In her study, behavioral engagement was, remarkably, not a significant predictor of success, although Cheng theorizes that that may be because AP students already have a high level of behavioral engagement. Her next project focusing on non-AP students will shed more light on that finding.

Another surprising finding concerned issues of identity — whether a student identifies themselves as someone who does well at statistics and could pursue a career in the field — and how it varied between gender groups.

“It was really astonishing — the girls and boys do equally well on the assessments, get equal amounts of teacher support, and are equally engaged. But the girls are less likely to say, ‘I am going to pursue statistics as a career’ or ‘I am statistician material,’” she said. “Even among a group of students who self-selected an AP course, the difference was still there.”

Identifying interventions

Cheng With Lab MembersCheng with members of her lab

Cheng’s team is also focused on community outreach and has hosted training and workshops for more than 80 teachers so far.
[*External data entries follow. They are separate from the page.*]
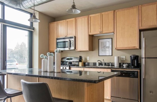 Frontdesk | Relaxing + Open 1BR Apt near Downtown is located in Downtown Minneapolis. Frontdesk | Relaxing + Open 1BR Apt near Downtown provides accommodation, featuring Kitchen, Laundry, Air Conditioner, among other amenities. This Apartment features Kitchen, Laundry, Air Conditioner, to make your stay a comfortable one.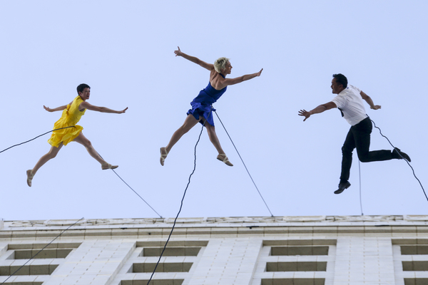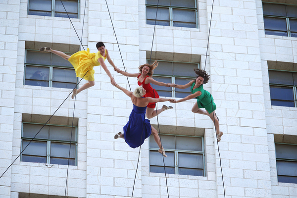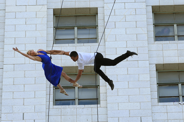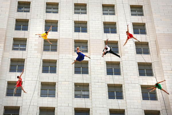 The performance started at 8:30 a.m. and lasted just 10 minutes as the performers danced vertically on the outer walls of City Hall despite strong winds, a drone buzzing around them.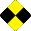 Ce signal annonce une zone qui doit être franchie avec le pantographe baissé. Il permet au mécanicien de faire les manipulations nécessaires pour avoir ouvert le disjoncteur principal et abaissé le pantographe avant le signal suivant. |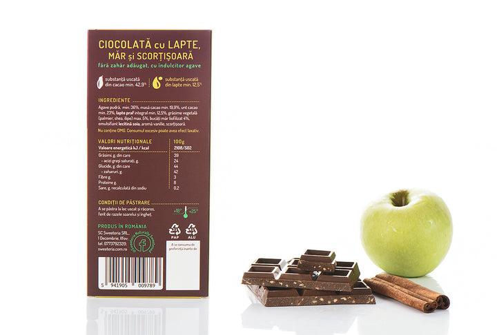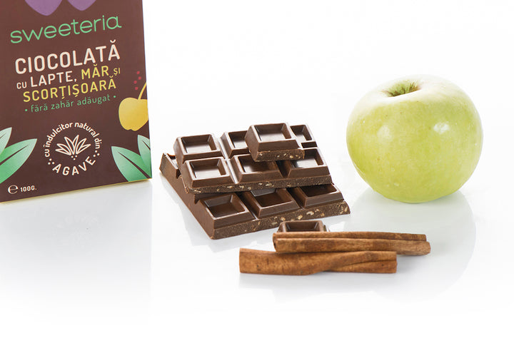 Ciocolată caldă, scorțișoară și parfum de măr copt: esența moale, tandră și mângâietoare a iernii ne este acum la îndemână în orice anotimp, grație ciocolatei solide de la Sweeteria. Dorința de a te cuibări la gura sobei este o năzuință a sufletului către puritate și iubire și este prezentă indiferent de ce ne arată calendarul și chiar termometrul. Acum putem avea mereu aproape și la îndemână senzația aceasta de copilărie, pentru că există ciocolata cu lapte cu măr și scorțișoară de la Sweeteria. Pentru căe de la Sweeteria, ea nu mai are, desigur, niciun fir de zahăr adăugat, ci am folosit, așa cum obișnuiesc cofetarii noștri creativi, un îndulcitor natural. În acest caz este vorba de nectarul pur de agave. Deși acest îndulcitor are un număr redus de calorii, el prezintă avantajul de a fi foarte gustos, conferind ciocolatei acea aromă de caramel menită să te facă să exclami: I-RE-ZIS-TI-BIL!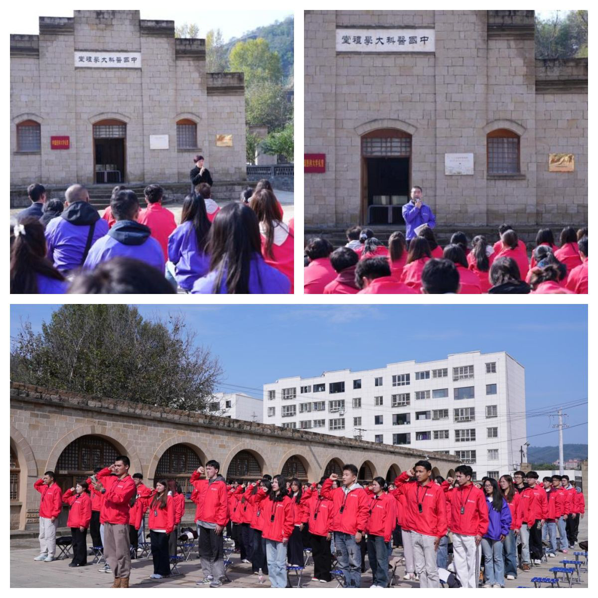 在中国医科大学旧址,一段跨越时空的医学精神传承在此上演。延安大学文学院副教授卜岩为研学团深情讲授了白求恩大夫“毫不利己、专门利人”的动人故事,将国际主义精神与医者大爱深深烙印在每位学子心中。我校马克思主义学院张雨新教授结合学校发展历程,讲述了西医人在不同历史时期坚守初心、服务人民的担当故事,将校史融入党史,让红色基因与医学使命紧密相连。在现场浓厚氛围的感染下,全体学生肃立高举右拳,庄严诵读医学生誓言,铿锵的誓言在革命旧址上空回荡,传递着新时代医学学子继承先辈遗志、守护人民健康的坚定决心。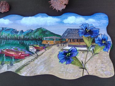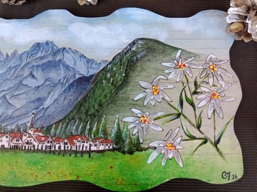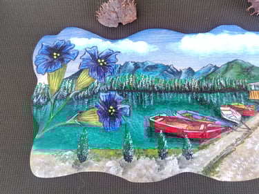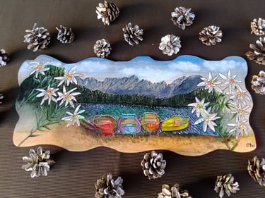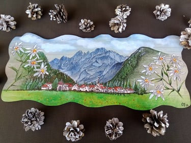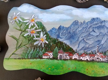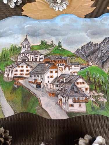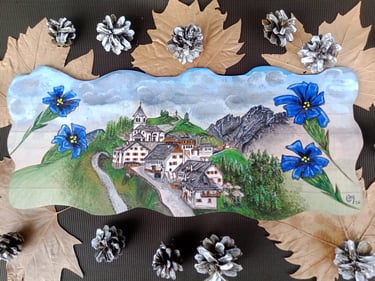 Dipinti realizzati con colori acrilici su sezioni di tronco e pannelli in legno naturale non trattato. Vi sono ritratti alcuni degli scorci più incantevoli del Tarvisiano: i laghi di Raibl e Fusine, il fiabesco villaggio di Valbruna, la chiesa dei SS. Pietro e Paolo a Tarvisio, il Monte Santo Lussari con il suo caratteristico borgo.

In their final year, they plan to scale up the adaptive testing program to make it available to the community at large.

The testing system may be a particularly important tool for under-resourced schools in lower socioeconomic areas, where Cheng said students are less likely to take the AP final exam.

The project has laid the groundwork for future research, she said, including projects that expand the testing system to other types of classes, explore issues of identity and gender, and identify interventions teachers can use to improve engagement.

“It is very exciting from a researcher’s perspective to understand what’s going on in terms of engagement,” she said. “This has identified where we should target interventions to promote learning. It could be introducing more real-life problems into classes or including more hands-on projects — that’s something we want to explore further. But this was a very important first step.”

“It is very exciting from a researcher’s perspective to understand what’s going on in terms of engagement. This has identified where we should target interventions to promote learning. It could be introducing more real-life problems into classes or including more hands-on projects. But this was a very important first step.”